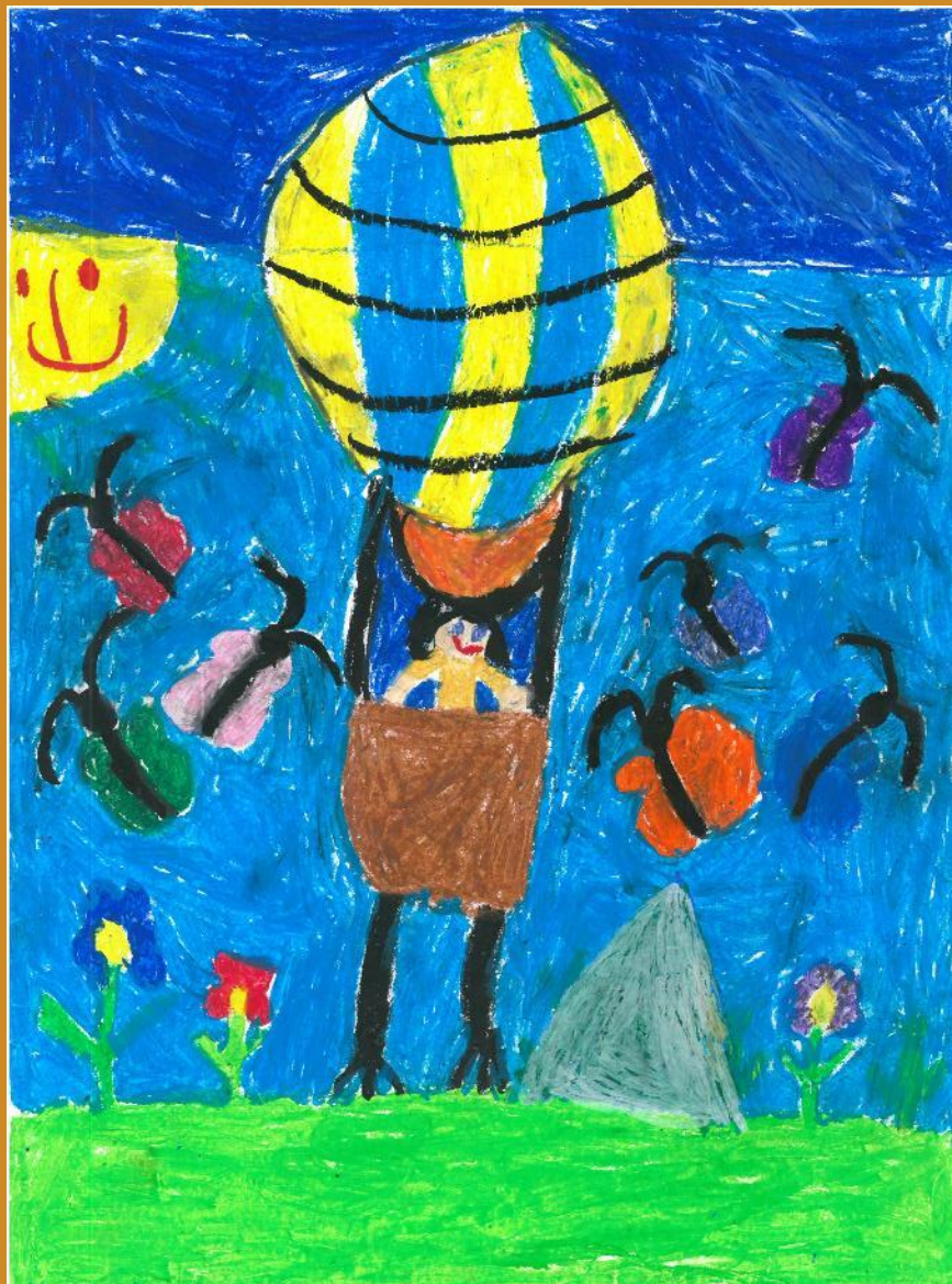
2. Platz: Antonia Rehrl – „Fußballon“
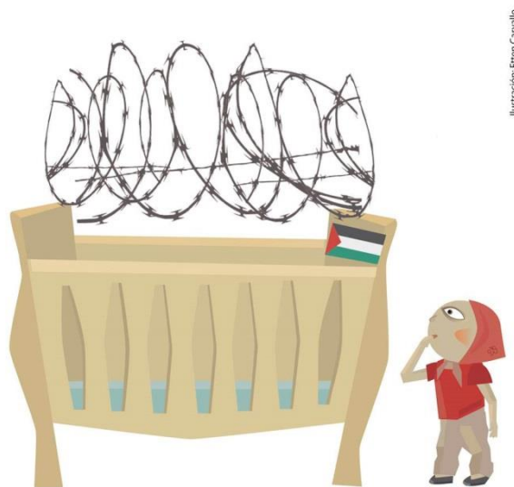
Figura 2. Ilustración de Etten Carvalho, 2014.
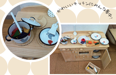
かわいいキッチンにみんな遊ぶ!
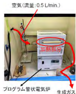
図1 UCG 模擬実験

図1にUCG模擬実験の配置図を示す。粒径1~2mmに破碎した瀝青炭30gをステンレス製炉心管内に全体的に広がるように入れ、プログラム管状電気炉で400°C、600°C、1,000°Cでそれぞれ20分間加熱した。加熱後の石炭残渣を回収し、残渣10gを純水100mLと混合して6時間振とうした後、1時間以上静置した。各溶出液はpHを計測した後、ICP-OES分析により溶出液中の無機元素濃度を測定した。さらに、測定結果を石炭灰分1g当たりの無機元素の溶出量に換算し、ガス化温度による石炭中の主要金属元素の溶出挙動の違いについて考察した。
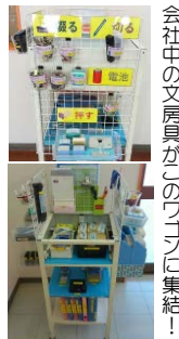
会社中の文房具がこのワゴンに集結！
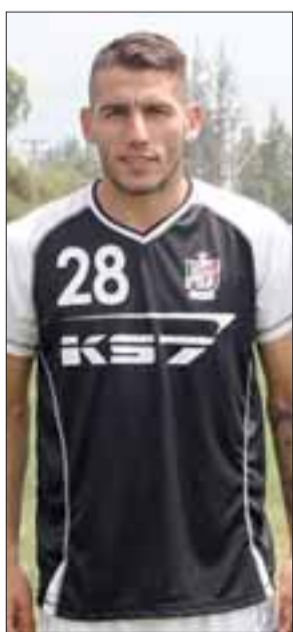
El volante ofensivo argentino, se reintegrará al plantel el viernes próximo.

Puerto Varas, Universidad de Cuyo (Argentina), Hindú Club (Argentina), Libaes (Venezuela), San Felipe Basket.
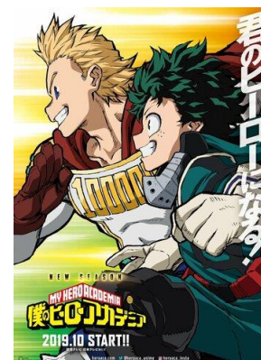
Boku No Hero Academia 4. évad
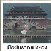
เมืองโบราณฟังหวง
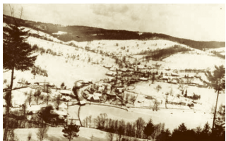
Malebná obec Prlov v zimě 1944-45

To do – Reproduce the full listing above verbatim, with no pictures included.

Task solution –
2. Platz: Antonia Rehrl – „Fußballon“
Figura 2. Ilustración de Etten Carvalho, 2014.
かわいいキッチンにみんな遊ぶ!
図1 UCG 模擬実験

図1にUCG模擬実験の配置図を示す。粒径1~2mmに破碎した瀝青炭30gをステンレス製炉心管内に全体的に広がるように入れ、プログラム管状電気炉で400°C、600°C、1,000°Cでそれぞれ20分間加熱した。加熱後の石炭残渣を回収し、残渣10gを純水100mLと混合して6時間振とうした後、1時間以上静置した。各溶出液はpHを計測した後、ICP-OES分析により溶出液中の無機元素濃度を測定した。さらに、測定結果を石炭灰分1g当たりの無機元素の溶出量に換算し、ガス化温度による石炭中の主要金属元素の溶出挙動の違いについて考察した。
会社中の文房具がこのワゴンに集結！
El volante ofensivo argentino, se reintegrará al plantel el viernes próximo.

Puerto Varas, Universidad de Cuyo (Argentina), Hindú Club (Argentina), Libaes (Venezuela), San Felipe Basket.
Boku No Hero Academia 4. évad
เมืองโบราณฟังหวง
Malebná obec Prlov v zimě 1944-45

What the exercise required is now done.